→ EXERCISE REQUIREMENTS: Only the lines below from the one containing "Tepic. – La" through the last line should be set down, exactly as written and with no pictures.

━━ DATA

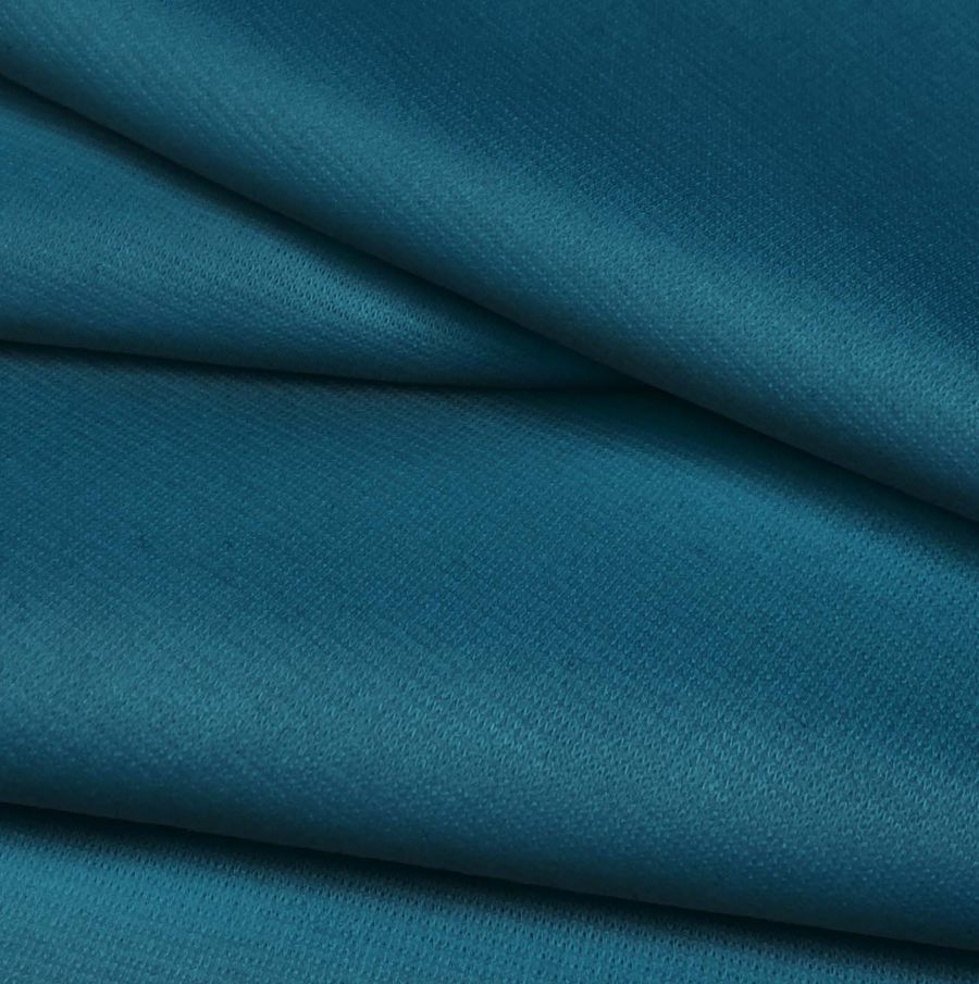 La tela base es un Punto Roma Elástico - Lyon con una composición de 97% poliéster y 3% elastano, con un gramaje de 282 gr/m2 y un ancho de 150 cm. El color liso impreso en la tela es un Azul marino profundo, con un CMYK de 94 56 37 26 y una tecnología de impresión por sublimación. La tela impresa presenta una textura suave al tacto.
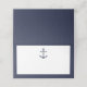 featuring blank space for guest name and table number with navy blue anchor on white background with navy blue border.
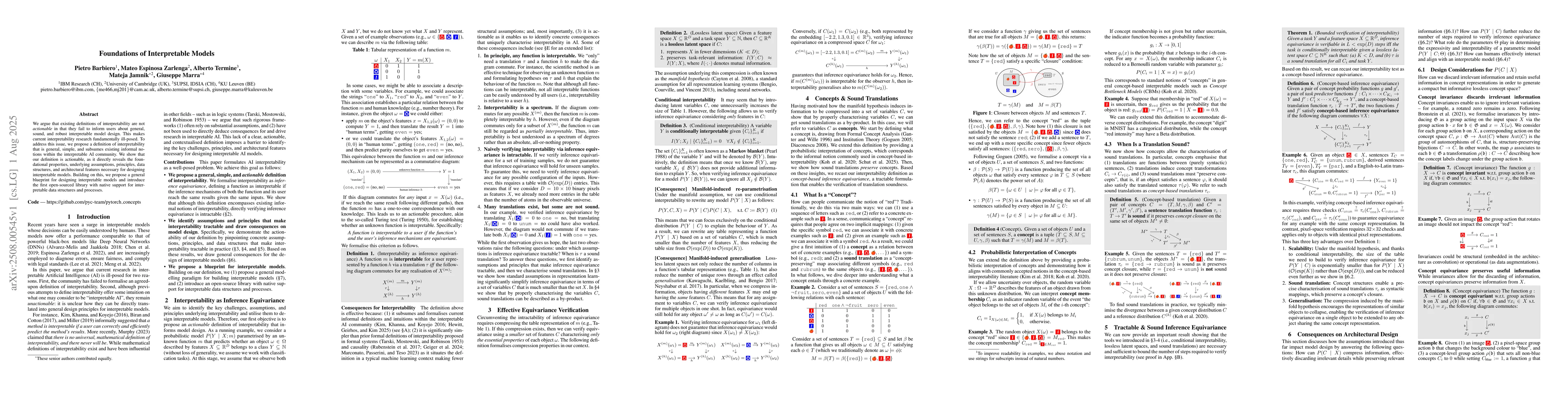 The paper proposes a new definition of interpretability based on inference equivariance, which is verifiable in fewer than exponential steps under certain conditions. It introduces a blueprint for interpretable models and an open-sourced library for implementing these models.
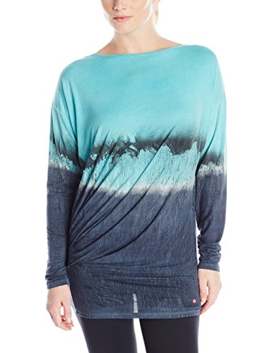 Pink Lotus Women's City Skyline Street Lights Pleated Tee with Novelty Dye, Turquoise, Large
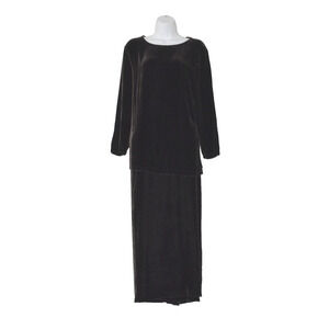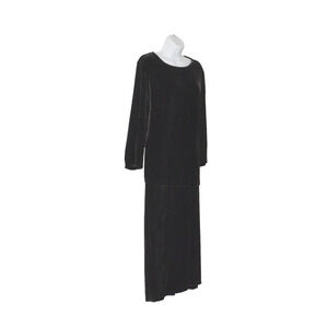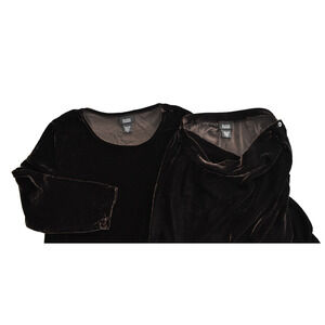 AUTHENTIC EILEEN FISHER Brown Velvet Long Sleeve Blouse And Wrap Skirt 2 Pc Set
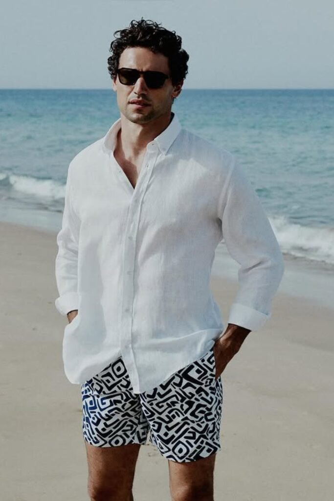 You can throw on a lightweight white shirt over printed swim shorts, and you’ll get that perfect balance.
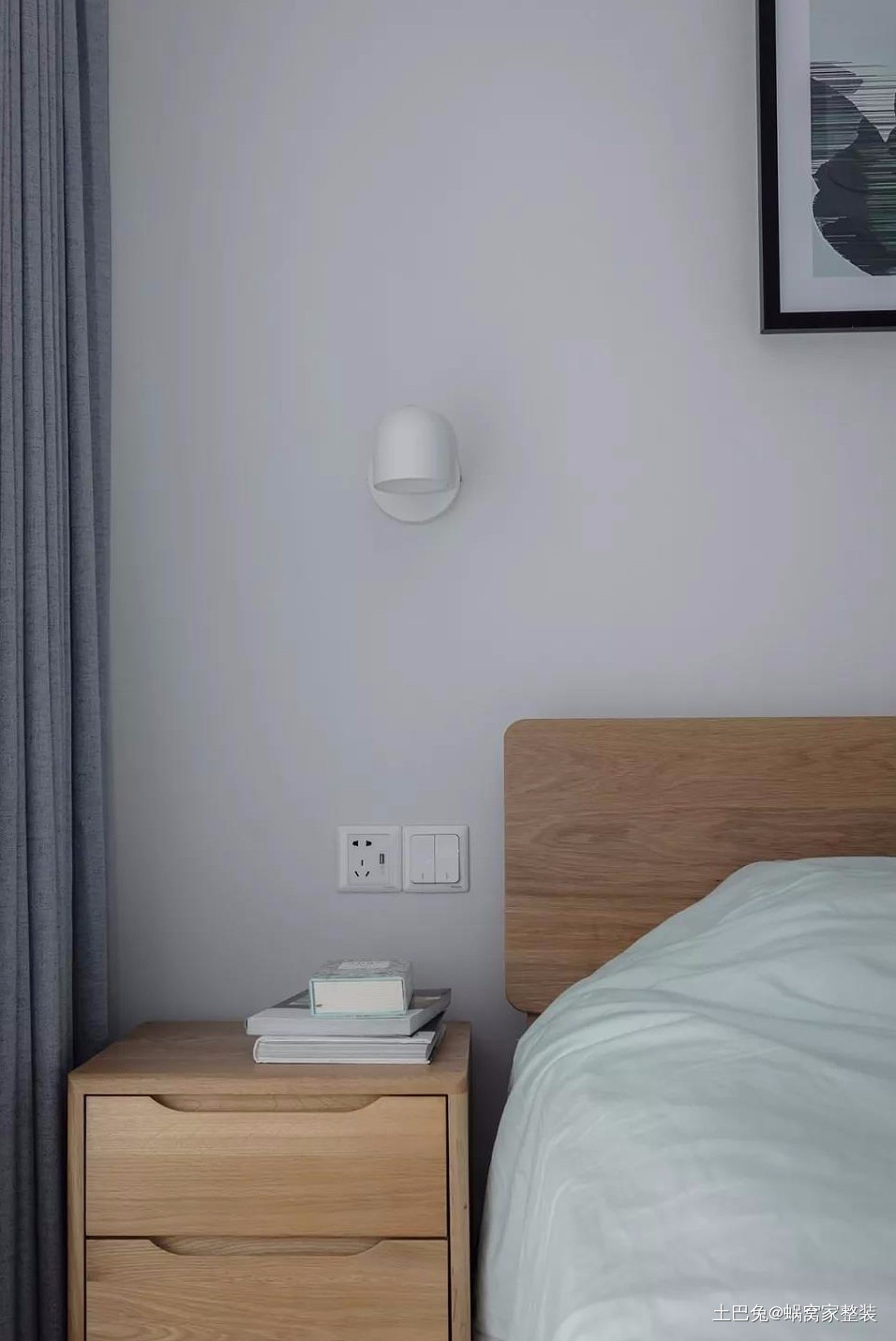 次卧,选择原木色表现出材质的独特肌理,朴实的黑色边框画幅,造型简洁的灯具互相搭配,干净素雅
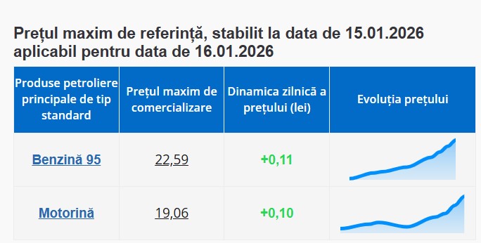 Benzină se scumpește mâine cu 11 bani la 22,59 lei/l, motorină la 19,06 lei/l conform ANRE
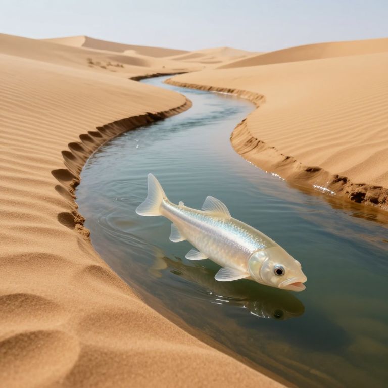 Fish with translucent skeletons swim gracefully upstream through a narrow, serene river that cuts through golden sand dunes, defying gravity in an otherworldly desert landscape.
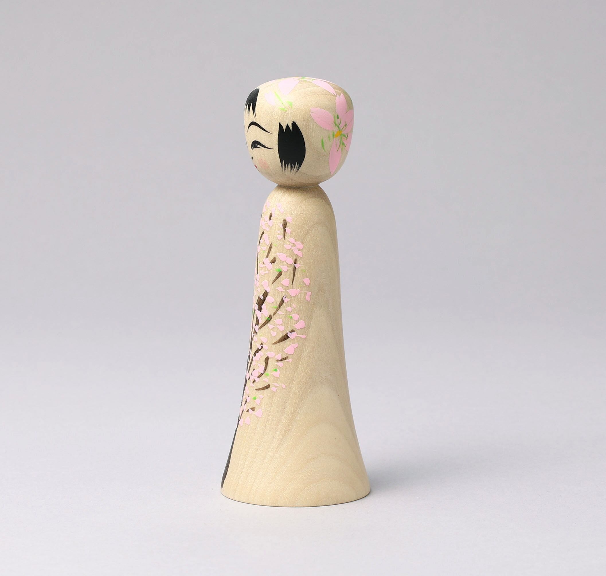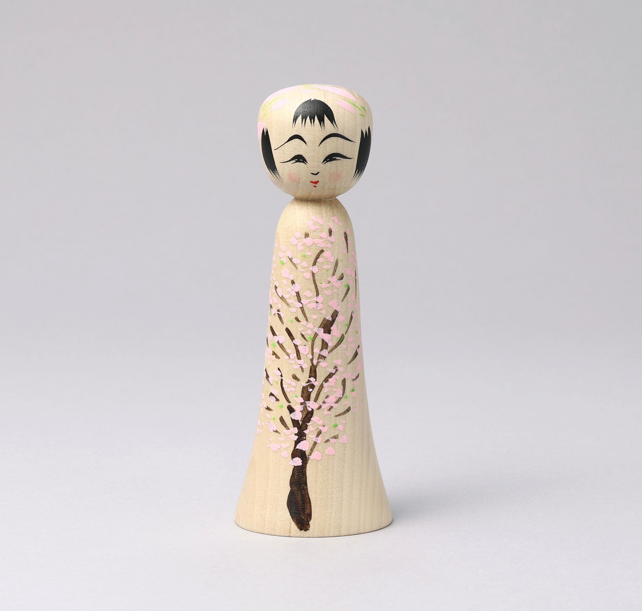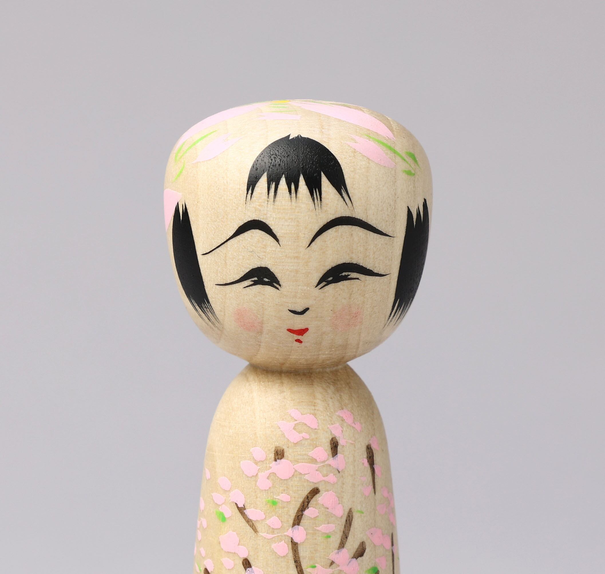 This is a sakura-cherry blossom kokeshi doll, by Teruyuki HIRAGA who is a Sakunami style kokeshi craftsman in Tohoku, Japan.
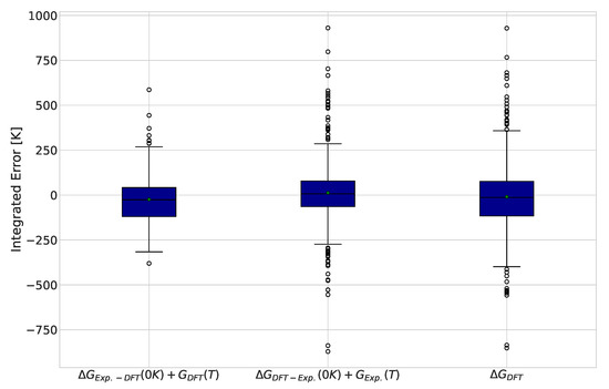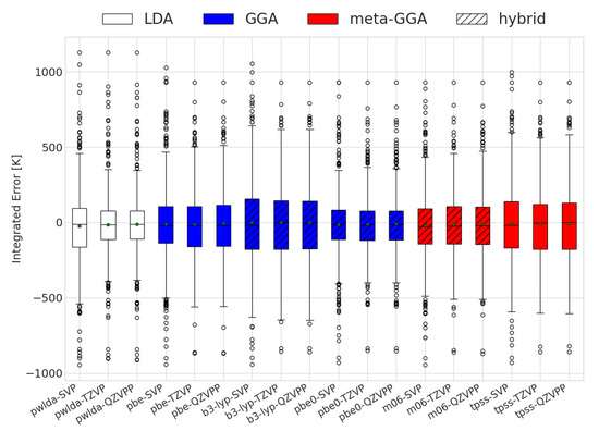 As previously mentioned, an erroneous sign of alone does not provide a full quantitative picture of the accuracy of the DFT predictions for reactions with changing compositions. The results for the integrated extent of reaction errors are displayed in Figure 1. It is important to note that PBE0 had the lowest integrated error on average; however, specific molecules may display better performance levels with different functionals. High absolute values indicate a high degree of prediction inaccuracy. The sign reflects changes at lower (negative) or higher (positive) temperatures as compared to the experimental cases. Interestingly, all combinations of functionals and basis sets had mean values close to 0 K, meaning that the errors had little to no preference for over- or underestimating the transition temperature. Additionally, the exchange–correlation functionals had similar behaviors in terms of spread. This is in agreement with thermodynamic values reported for some solids [47]. The standard deviations of the integrated errors for all functionals were within the range of 355 to 488 K.
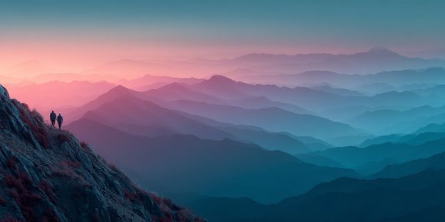 As the first blush of dawn touches the sky, a serene tapestry of muted earth tones unfurls across an endless sequence of rolling mountains. Nestled in this breathtaking landscape are two hikers, small yet significant, standing on a rugged peak. They are silhouetted against a backdrop of fading night stars and the emerging morning glow, painting an inspiring tableau of human endeavor and natural beauty. Far in the distance, the iconic skyline of San Francisco merges with the celestial hues, creating a picture of urban dreams met by the vast, untamed wilderness. This minimalist mountain landscape captures the harmony of geometric forms with the fluidity of nature, crafting an abstract vision that resonates with peace and contemplation. The juxtaposition of the bustling city skyline and the tranquil, expansive mountains emphasizes a deep, resonating contrast between humanity and the natural world, inviting viewers to reflect on their own places within these spaces.
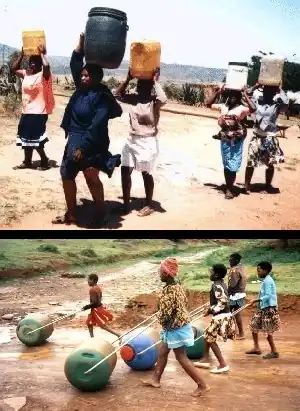 The Hippo Water Roller was specifically designed to alleviate the suffering caused by a lack of access to water. The Hippo Water Roller is a barrel-shaped container designed to transport 90 liters (20 gallons) of water. It comprises of a drum with a large screw-on cap and a clip-on steel handle.
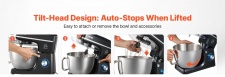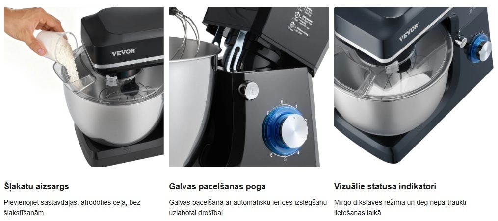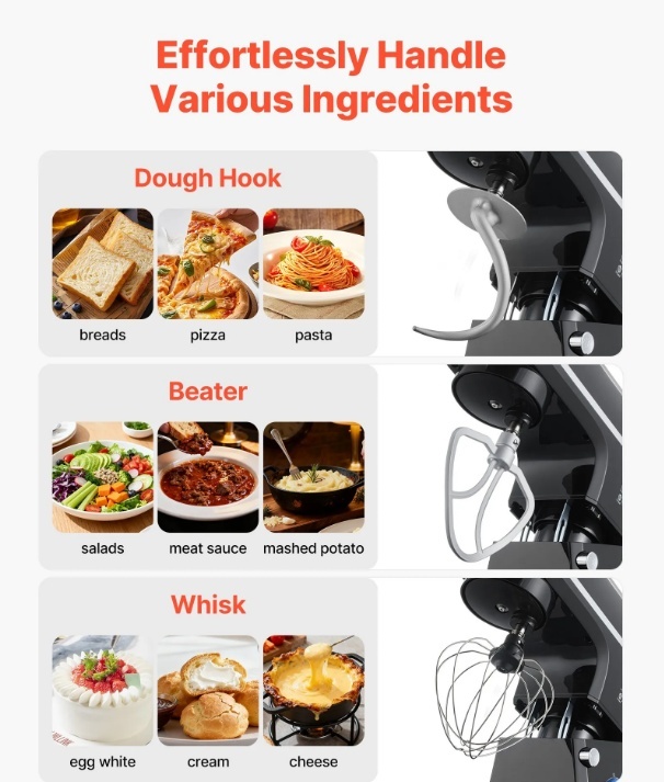 Pilnīgs maisīšanas risinājums: Gatavs jebkuram darbam virtuvē! Mūsu stacionārajam mikserim ir 3 profesionāli maisīšanas piederumi: mīklas āķis picas vai citas smagas mīklas vieglai mīcīšanai, plakanais putotājs kartupeļu biezeņa, kūku mīklas vai glazūras saputošanai un putotājs vieglu maisījumu, piemēram, pūkaina putukrējuma vai olu baltumu, pagatavošanai.
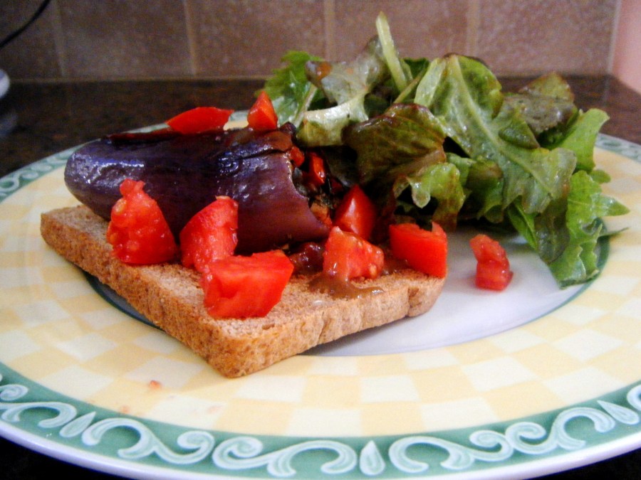 Toast the bread slices.  When done, give each slice of toast a quick rub with the garlic clove (toast acts as a nice grater).  Mix the dressing with two to three tablespoons oil to one tablespoon of vinegar, whisk in a teaspoon of vinegar, a heaping teaspoon of cumin, and a drizzle of local honey.  Salt and pepper to taste.  Dress the greens.
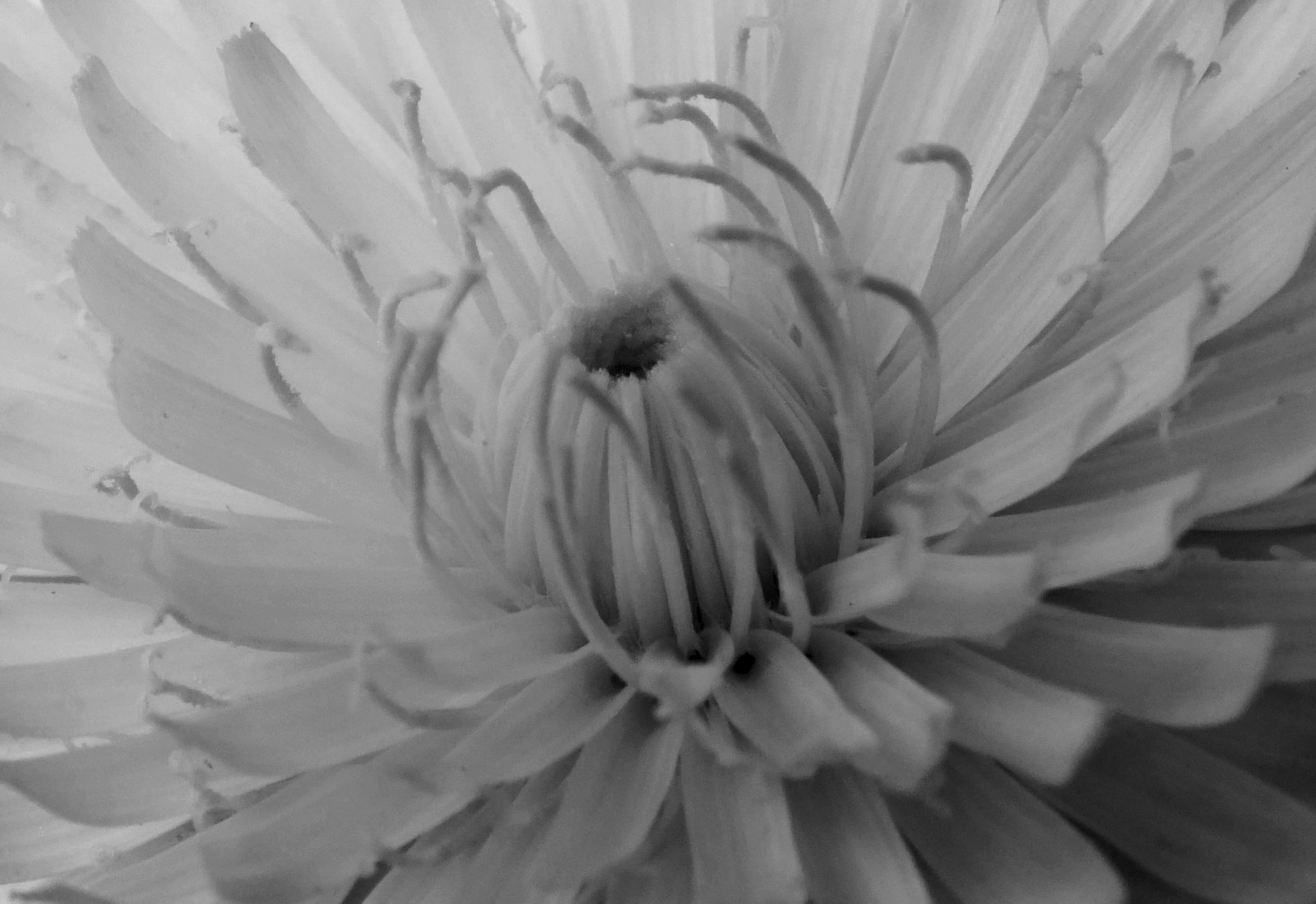The heart of a common catsear flower, magnified greatly. What you there is about 2/3" or 15mm across
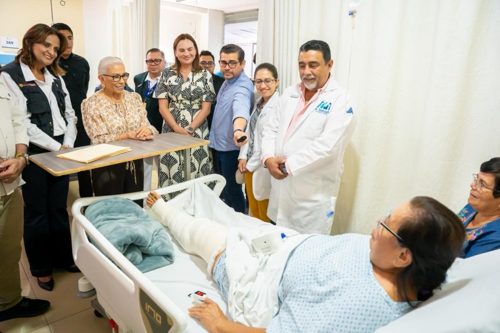 Tepic. – La presidenta del Sistema DIF Nayarit, doctora Beatriz Estrada Martínez, visitó a pacientes que se recuperan de la jornada gratuita de cirugías de rodilla y cadera que se realiza en el Hospital de Especialidades IMSS-Bienestar “Dr. Antonio González Guevara”, en Tepic, donde alrededor de 50 personas de distintos municipios del estado son beneficiadas con estos procedimientos.
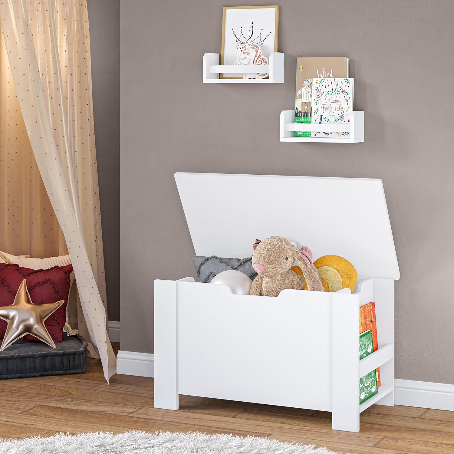 CHILD-FRIENDLY DETAILS: Designed with little ones in mind, our kids’ storage solution features a slow-closing lid to protect small fingers. Create a cozy reading nook where your child can safely enjoy their favorite books in their kids’ reading nook.

━━━━

→ WRITTEN RESPONSE:
 Tepic. – La presidenta del Sistema DIF Nayarit, doctora Beatriz Estrada Martínez, visitó a pacientes que se recuperan de la jornada gratuita de cirugías de rodilla y cadera que se realiza en el Hospital de Especialidades IMSS-Bienestar “Dr. Antonio González Guevara”, en Tepic, donde alrededor de 50 personas de distintos municipios del estado son beneficiadas con estos procedimientos.
 CHILD-FRIENDLY DETAILS: Designed with little ones in mind, our kids’ storage solution features a slow-closing lid to protect small fingers. Create a cozy reading nook where your child can safely enjoy their favorite books in their kids’ reading nook.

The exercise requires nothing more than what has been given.